_EXERCISE DATA_
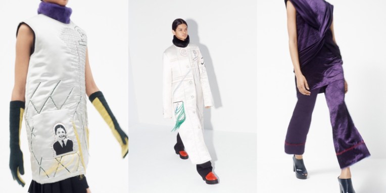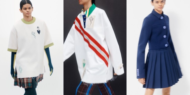 I’ve been following Marina Moscone‘s work since her first line-ups in 2018, but to be honest, pre-fall 2021 collection is the first time I’m truly convinced. There’s something spontaneous, truly artful, yet absolutely refined about it. Moscone has always liked the idea of a uniform, yet she doesn’t wear the same thing every day. It’s more about figuring out the foundation of her style so she can build upon it. For the designer herself that often starts with a shirtdress over trousers, or maybe a curvy suit with flat sandals, and she’ll experiment from there. Pre-fall found her thinking more literally, though, with familiar nods to school uniforms: pleated kilts, rugby shirts, shrunken blazers. The opening look was a twist on her signature overcoat, now spliced with box pleats at the hem (and styled with socks and loafers). Other tunics and blazers had plaid panels tacked to the hips, like trompe l’oeil skirts. What you can’t glean from the lookbook is that those collaged items were all cut from the same material: The olive wool tunic, for instance, was backed with the same emerald and yellow plaid that appears on its “skirt.” Moscone created those double-sided wools in spite of the fact that most people won’t notice their detail on an iPhone; more importantly, it’s the kind of refined touch her customer appreciates. Another detail will be more obvious: the patches and embroidered quotes on a blazer and a duvet-like “art coat” in ivory satin. There’s a bird of paradise flower, Moscone’s favorite South African bloom; an elephant, symbolizing wisdom and persistence; a honeysuckle rose flower, which Moscone’s grandmother used to call her; and two portraits of a little boy and girl, Moscone’s parents as kids. The coat is quilted over in places and has scribble-like printing and fringe, as if a child went crazy with a box of art supplies. Moscone hopes it will offer both comfort and uplift – a combination also found in her new crinkly tops and pajama pants, a welcome WFH update. Look forward to this collection once it hits the stores!
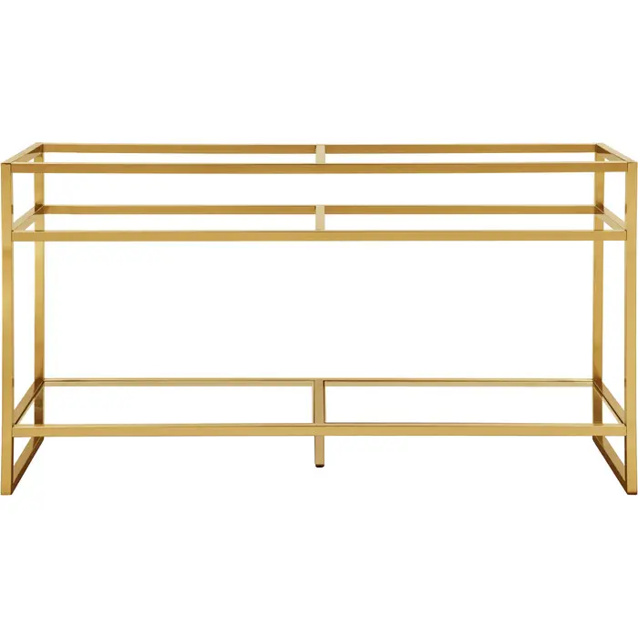 The Boston 63" Stainless Steel Double Basin Console by James Martin Vanities will add a sleek, bold look to any bathroom. This metal framed console is crafted with a durable stainless-steel base with a Radiant Gold finish giving you the clean lines and an open view that will work well with a variety of different decors. This versatile cabinet includes a White Glossy Composite Stone top with double sinks for a modern clean look that is pre-drilled for your convenience. The lower shelf area provides generous storage for towels and toiletries.Radiant Gold double console base onlyPlease note: Console base only, countertop and storage cabinet not includedThe Boston Collection by James Martin is an artisan crafted group that pairs the modern texture of stainless steel with the enduring beauty of solid surface tops. This modern collection ranges in sizes from small space solutions at 20-in single console to a 63-in double consoles that can work in any master bathroom. Metal legs allow you to easily clean beneath this piece and as well give giving an open view option which makes the room seem larger. The lower open area of the cabinet can be used for handy storage of your extra towels or bath essentials. This collection is the perfect combination of function and beauty, with it mix of metals and solid surface tops. The solid surface top is nonporous and scratch resistant. Each piece is pre-drilled for a single faucet (faucet is not sold with set) and sold as a total package.1 year warranty against manufacturer's defects. We will repair or replace any defective product, if the product is defective in material or workmanship at our discretion. No warranty is expressed or implied regarding damages resulting from consumer misuse.
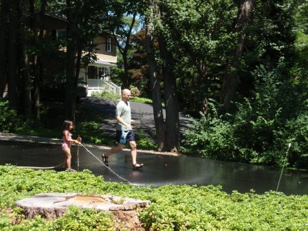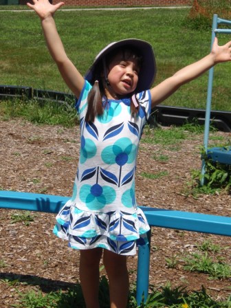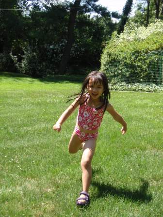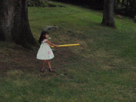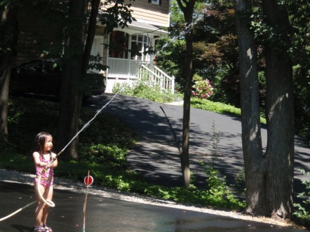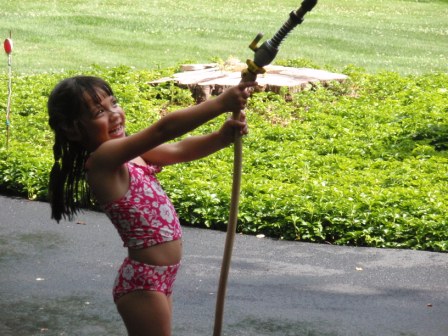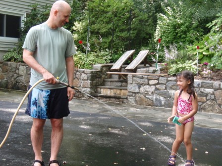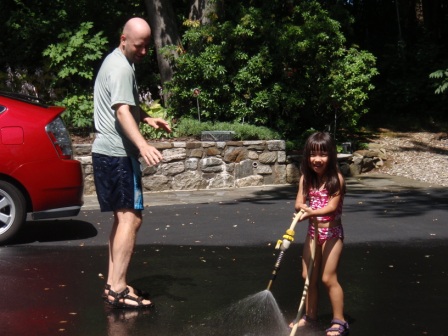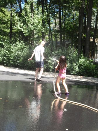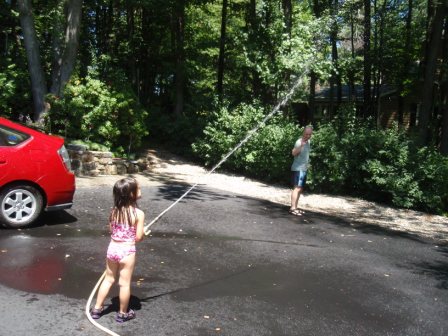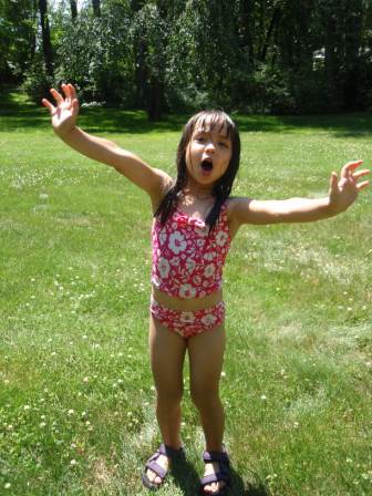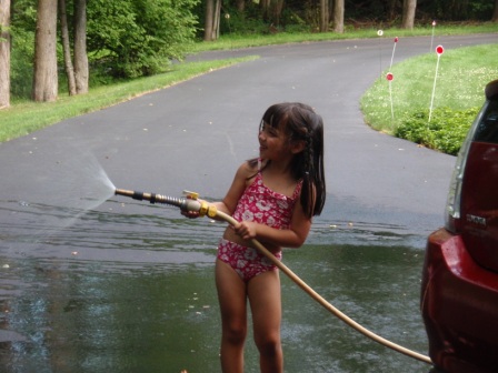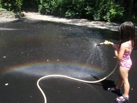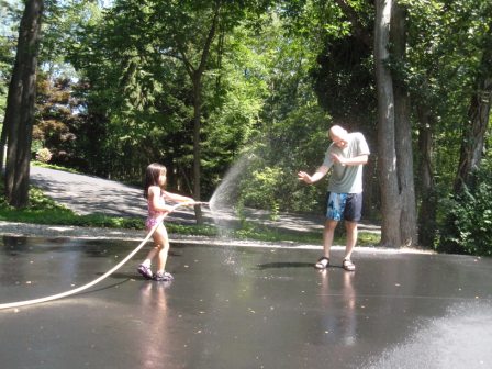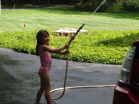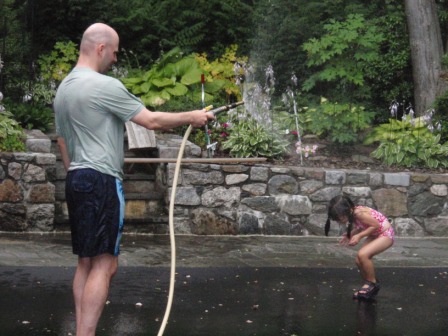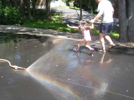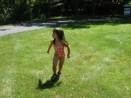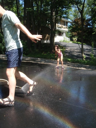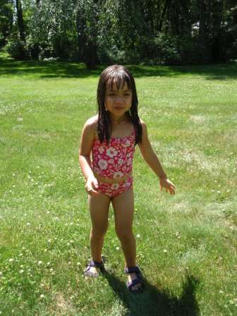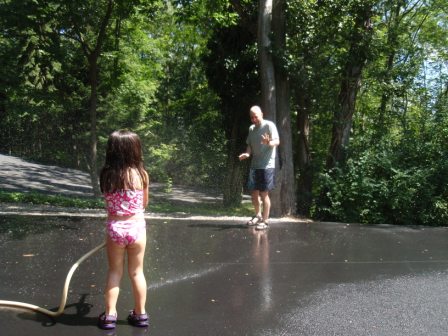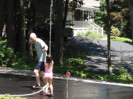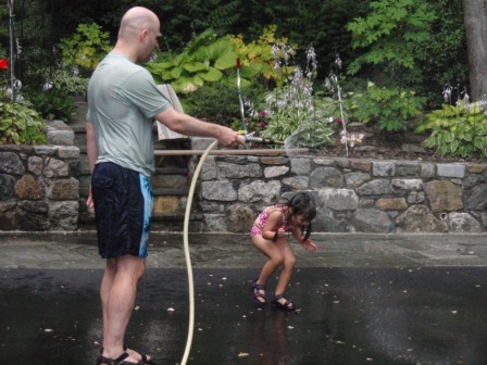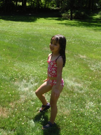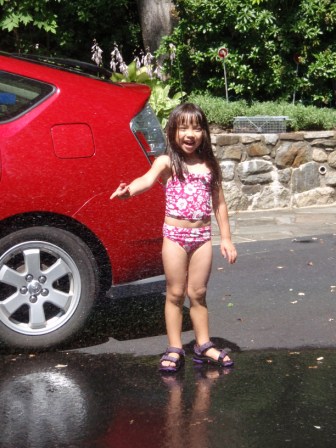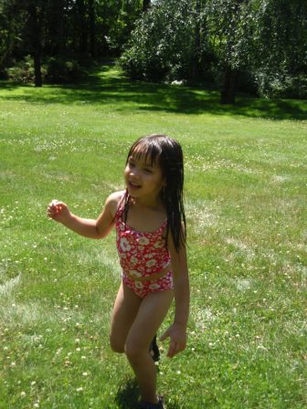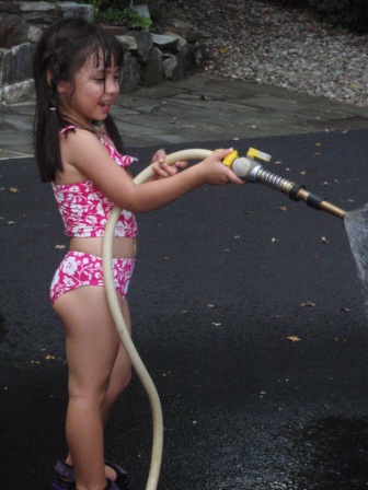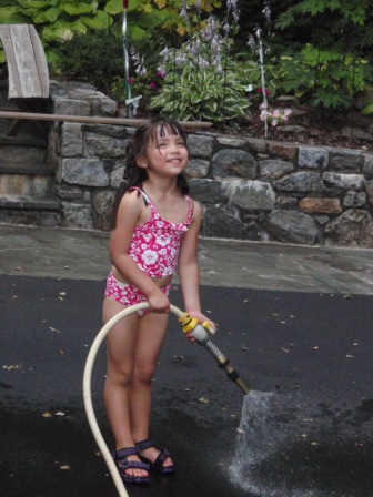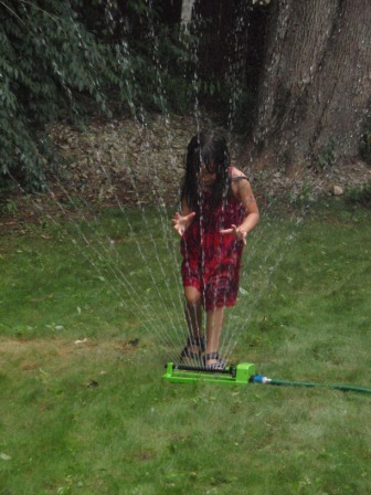 July 14, 2012: Aurora begins the day with some sprinkler time. In her dress.
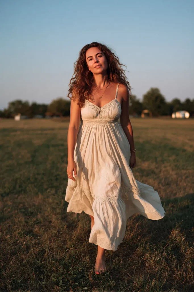 This is the quintessential carefree summer look featuring a stunning off-white or pale cream maxi dress. The dress has delicate spaghetti straps and a beautifully textured or crocheted bodice area, leading into a smocked or gathered waistline that flows out into a voluminous, tiered skirt. The fabric appears light and breathable, perfect for catching the breeze in an open field setting. She’s kept accessories minimal with layered gold necklaces and is walking barefoot in the tall grass which just amplifies that natural, untamed bohemian beauty.
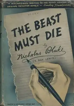 The Beast Must Die is a 1938 detective novel by Cecil Day-Lewis, written under the pen name of Nicholas Blake. It combines elements of the inverted thriller with a classic Golden Age-style investigation. It is the fourth in a series of novels featuring the private detective Nigel Strangeways.[1] The title is inspired by a line in Four Serious Songs by Johannes Brahms, itself a reference to Ecclesiastes.
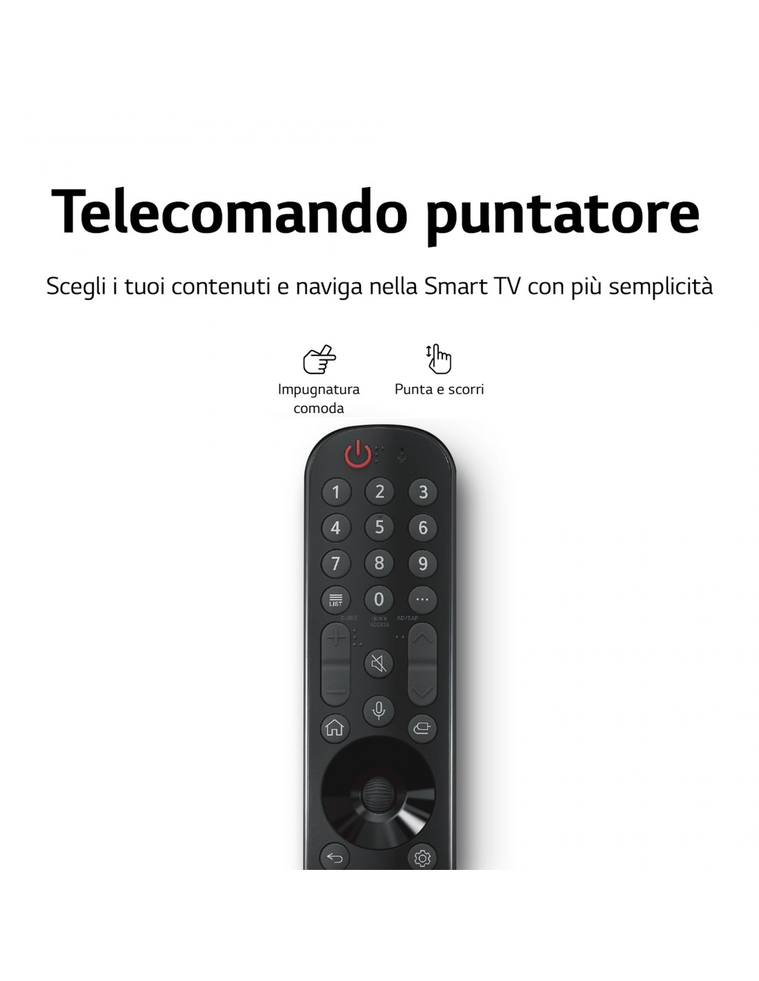 I TV LG QNED sono semplici da usare. Anzi, semplicissimi grazie all'esclusivo telecomando puntatore. Lo impugni come una bacchetta magica e lo usi come un mouse, muovendo il puntatore sullo schermo con un semplice gesto del polso. Così potrai accedere ai tuoi contenuti, navigare su Internet e aprire le app ancora più rapidamente. Il tutto supportato dalla piattaforma Smart TV webOS 22, ancora più intuitiva, completa e intelligente. Così "smart" che da quest'anno mette a tua disposizione una schermata principale diversa per ogni componente della tua famiglia, per consigliare a ciascuno contenuti specifici in base al proprio profilo.

_EXERCISE DETAILS_
Repeat the full listing above without altering a word, and skip the pictures.

_RESPONSE TO THIS TASK_
 I’ve been following Marina Moscone‘s work since her first line-ups in 2018, but to be honest, pre-fall 2021 collection is the first time I’m truly convinced. There’s something spontaneous, truly artful, yet absolutely refined about it. Moscone has always liked the idea of a uniform, yet she doesn’t wear the same thing every day. It’s more about figuring out the foundation of her style so she can build upon it. For the designer herself that often starts with a shirtdress over trousers, or maybe a curvy suit with flat sandals, and she’ll experiment from there. Pre-fall found her thinking more literally, though, with familiar nods to school uniforms: pleated kilts, rugby shirts, shrunken blazers. The opening look was a twist on her signature overcoat, now spliced with box pleats at the hem (and styled with socks and loafers). Other tunics and blazers had plaid panels tacked to the hips, like trompe l’oeil skirts. What you can’t glean from the lookbook is that those collaged items were all cut from the same material: The olive wool tunic, for instance, was backed with the same emerald and yellow plaid that appears on its “skirt.” Moscone created those double-sided wools in spite of the fact that most people won’t notice their detail on an iPhone; more importantly, it’s the kind of refined touch her customer appreciates. Another detail will be more obvious: the patches and embroidered quotes on a blazer and a duvet-like “art coat” in ivory satin. There’s a bird of paradise flower, Moscone’s favorite South African bloom; an elephant, symbolizing wisdom and persistence; a honeysuckle rose flower, which Moscone’s grandmother used to call her; and two portraits of a little boy and girl, Moscone’s parents as kids. The coat is quilted over in places and has scribble-like printing and fringe, as if a child went crazy with a box of art supplies. Moscone hopes it will offer both comfort and uplift – a combination also found in her new crinkly tops and pajama pants, a welcome WFH update. Look forward to this collection once it hits the stores!
 The Boston 63" Stainless Steel Double Basin Console by James Martin Vanities will add a sleek, bold look to any bathroom. This metal framed console is crafted with a durable stainless-steel base with a Radiant Gold finish giving you the clean lines and an open view that will work well with a variety of different decors. This versatile cabinet includes a White Glossy Composite Stone top with double sinks for a modern clean look that is pre-drilled for your convenience. The lower shelf area provides generous storage for towels and toiletries.Radiant Gold double console base onlyPlease note: Console base only, countertop and storage cabinet not includedThe Boston Collection by James Martin is an artisan crafted group that pairs the modern texture of stainless steel with the enduring beauty of solid surface tops. This modern collection ranges in sizes from small space solutions at 20-in single console to a 63-in double consoles that can work in any master bathroom. Metal legs allow you to easily clean beneath this piece and as well give giving an open view option which makes the room seem larger. The lower open area of the cabinet can be used for handy storage of your extra towels or bath essentials. This collection is the perfect combination of function and beauty, with it mix of metals and solid surface tops. The solid surface top is nonporous and scratch resistant. Each piece is pre-drilled for a single faucet (faucet is not sold with set) and sold as a total package.1 year warranty against manufacturer's defects. We will repair or replace any defective product, if the product is defective in material or workmanship at our discretion. No warranty is expressed or implied regarding damages resulting from consumer misuse.
 July 14, 2012: Aurora begins the day with some sprinkler time. In her dress.
 This is the quintessential carefree summer look featuring a stunning off-white or pale cream maxi dress. The dress has delicate spaghetti straps and a beautifully textured or crocheted bodice area, leading into a smocked or gathered waistline that flows out into a voluminous, tiered skirt. The fabric appears light and breathable, perfect for catching the breeze in an open field setting. She’s kept accessories minimal with layered gold necklaces and is walking barefoot in the tall grass which just amplifies that natural, untamed bohemian beauty.
 The Beast Must Die is a 1938 detective novel by Cecil Day-Lewis, written under the pen name of Nicholas Blake. It combines elements of the inverted thriller with a classic Golden Age-style investigation. It is the fourth in a series of novels featuring the private detective Nigel Strangeways.[1] The title is inspired by a line in Four Serious Songs by Johannes Brahms, itself a reference to Ecclesiastes.
 I TV LG QNED sono semplici da usare. Anzi, semplicissimi grazie all'esclusivo telecomando puntatore. Lo impugni come una bacchetta magica e lo usi come un mouse, muovendo il puntatore sullo schermo con un semplice gesto del polso. Così potrai accedere ai tuoi contenuti, navigare su Internet e aprire le app ancora più rapidamente. Il tutto supportato dalla piattaforma Smart TV webOS 22, ancora più intuitiva, completa e intelligente. Così "smart" che da quest'anno mette a tua disposizione una schermata principale diversa per ogni componente della tua famiglia, per consigliare a ciascuno contenuti specifici in base al proprio profilo.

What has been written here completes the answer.